Auf jeden Fall war es sicher, daß diese ultramikroskopischen Aktivitäten durch die Plastizität des Gehirns nahegelegt wurden. Sie waren ein Teil davon, wie das Gehirn lernte und sich dann erinnerte. Also fand Erinnerung auf einer viel kleineren Ebene statt, als man sie sich früher vorgestellt hatte. Das Gehirn erhielt dadurch eine viel höhere Möglichkeit des Rechnens als zuvor: 1024 Operationen in der Sekunde, oder gar bei manchen Berechnungen 1043. Das führte einen Forscher zu dem Schluß, daß jeder menschliche Verstand in gewissem Sinne komplizierter war als der ganze Rest des Universums (natürlich abzüglich seiner anderen Bewußtseine).

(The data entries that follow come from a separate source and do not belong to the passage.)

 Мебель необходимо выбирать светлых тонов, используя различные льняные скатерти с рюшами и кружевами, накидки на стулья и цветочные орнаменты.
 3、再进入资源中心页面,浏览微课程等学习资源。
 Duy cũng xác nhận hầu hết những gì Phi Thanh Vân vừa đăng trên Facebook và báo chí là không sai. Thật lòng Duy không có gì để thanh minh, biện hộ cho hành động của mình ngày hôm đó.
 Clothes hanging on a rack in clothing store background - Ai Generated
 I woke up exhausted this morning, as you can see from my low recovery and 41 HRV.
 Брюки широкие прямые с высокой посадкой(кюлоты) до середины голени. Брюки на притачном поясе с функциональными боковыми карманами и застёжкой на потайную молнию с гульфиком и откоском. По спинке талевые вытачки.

Sax erinnerte das verdächtig an die starken anthropischen Phantome, die man allenthalben in der kosmologischen Theorie sah. Aber es war eine interessante Idee, und es lohnte sich, darüber nachzudenken.
Also ging nicht bloß mehr vor sich, sondern es geschah auch auf so feinen Ebenen, daß sicher Quanteneffekte im Spiel waren. Experimente hatten gezeigt, daß sich in jedem Gehirn kollektive Quantenphänomene in großem Maßstab abspielten. Es gab im Gehirn sowohl globale Quantenkohärenz als auch Quantenverbindung zwischen den verschiedenen elektrischen Zuständen der Mikroröhrchen. Und dies besagte, daß all die kontra-intuitiven Phänomene und das reine Paradoxon der Quantenrealität ein integrierender Bestandteil des Bewußtsein waren. Tatsächlich hatte es erst kürzlich eine Gruppe französischer Forscher geschafft, durch Berücksichtigung der Quanteneffekte in den Cytoskeletten eine plausible Theorie darüber vorzubringen, weshalb Anästhetika überhaupt wirken — nach all den Jahrhunderten, in denen man sie fröhlich angewendet hatte.

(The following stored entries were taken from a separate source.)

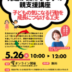 2026年1月14日 / 最終更新日時 : 2026年2月24日 user_name お知らせ 保護者向け 出前講座及び相談会「幼児期の子どもの発達と子育てについて」子どもの力を信じる子育て-終了いたしました。 「やりたがらない」「できない」そんな子どもの姿を見ると、親として不安になることもありますよね。でも、子どもには自分で育つ力がちゃんと備わっています。この講演では、発達の基本をふまえながら、子どもの力を信じ子どもに合った関 […]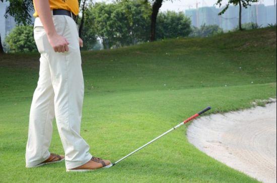 如何打好平坦球道上沙坑球 向下握杆球位后移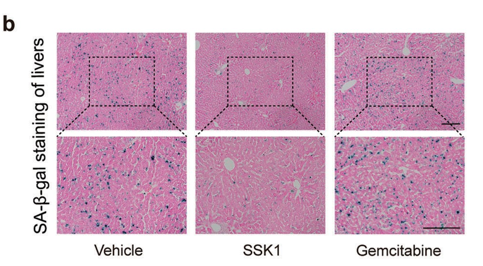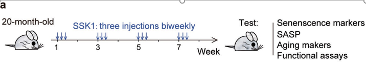 在自然发生的衰老中,SSK1有效减少了衰老小鼠中天然存在的衰老细胞,并且降低了衰老和与年龄相关的标记基因的表达,在局部和全身减轻了衰老相关分泌表型,并且显著地恢复了身体机能。同时,作者也通过一系列实验证明了该药物的安全性。总体而言,这些研究结果表明,通过SSK1诱导SA-β-gal阳性衰老细胞的清除,是缓解与衰老相关功能衰退的安全有效的方法。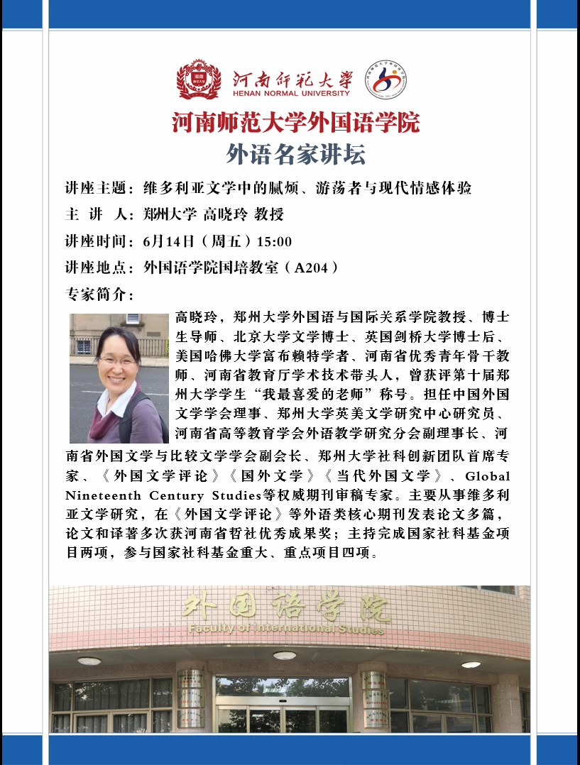 郑州大学高晓玲教授将应邀做客“外语名家讲坛”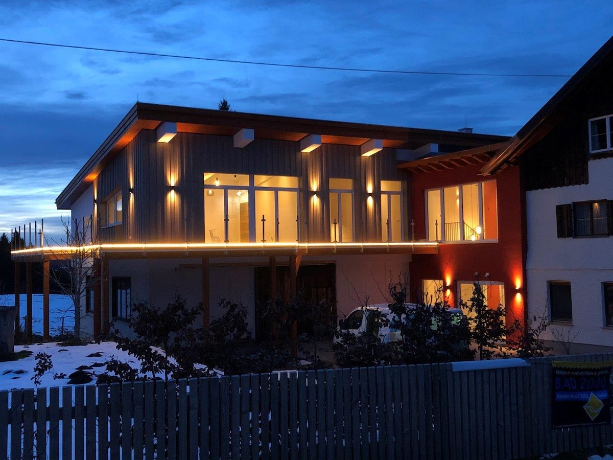Wir bieten ein ganz besonderes Holz-Haus mit Fass-Sauna direkt am Tor zum Allgäu. Zentral gelegen, um zahlreiche Ausflüge zu unternehmen oder einfach ein paar schöne Tage in einem nachhaltig gebauten und eingerichteten Haus zu verbringen. Hier bleiben keine Wünsche offen! Top ausgestattete Bulthaup Küche, großer massiver Eichenholztisch im Zentrum. Auf der Terrasse wartet ein Holzkohle-Grill darauf, befeuert zu werden und im großen Garten lassen Trampolin, Feuerstelle die Herzen höher schlagen.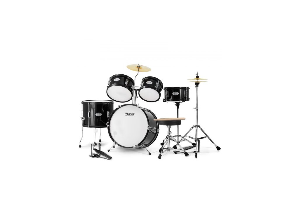Detská bubnová súprava 5 dielov 16 dielna detská bubnová súprava pre začiatočníkov s trónom čierna

Also waren wir mit noch einer bizarren Quantenwelt konfrontiert, in der es Fernwirkung gab, in der Entscheidungen keinen Einfluß auf tatsächliche Ereignisse haben konnten und in der gewisse Ereignisse teleologisch ausgelöst zu werden schienen; was besagt, verursacht durch Ereignisse, die zeitlich erst nach ihnen auftreten... Sax war von dieser Entwicklung nicht sehr überrascht. Sie sprach für ein Gefühl, das er sein ganzes Leben lang gehabt hatte, wonach der menschliche Geist höchst geheimnisvoll war, eine Black Box, welche die Wissenschaft kaum erforschen würde können. Und jetzt, da die Wissenschaft sich damit beschäftigte, geriet sie hart an die großen Unerklärbarkeiten der Realität selbst.